▶ _Work task_: The full listing, written out exactly and without images, is the expected result.

▶ _Information provided_:

----------------------------------------

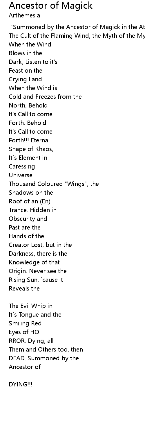 Ancestor of Magick Lyrics
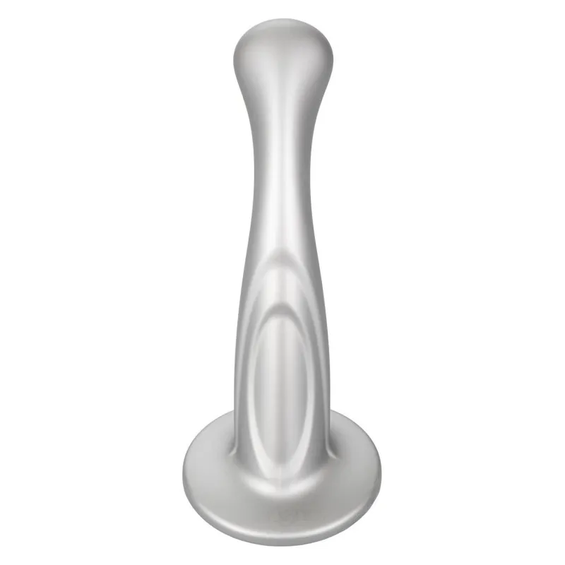 This silver dildo sports a regal, curved shape with a bulbous tip for deep, internal G-spot or P-spot stimulation and a strong suction cup base for hands-free fun. It mounts securely to most flat, solid surfaces and is also harness-compatible if you're in the mood to share the fun with your loyal subjects!
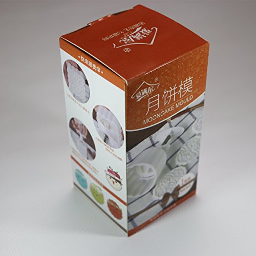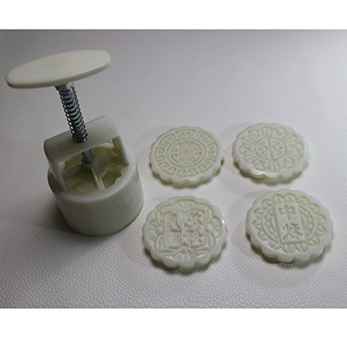 Mooncake Mold With 4 Stamps - Mid Autumn Festival Moon Cake Mold DIY Decoration Cookie Press 100g White (1 Mold 4 Stamps)

----------------------------------------

▶ _Problem solution_:
 Ancestor of Magick Lyrics
 This silver dildo sports a regal, curved shape with a bulbous tip for deep, internal G-spot or P-spot stimulation and a strong suction cup base for hands-free fun. It mounts securely to most flat, solid surfaces and is also harness-compatible if you're in the mood to share the fun with your loyal subjects!
 Mooncake Mold With 4 Stamps - Mid Autumn Festival Moon Cake Mold DIY Decoration Cookie Press 100g White (1 Mold 4 Stamps)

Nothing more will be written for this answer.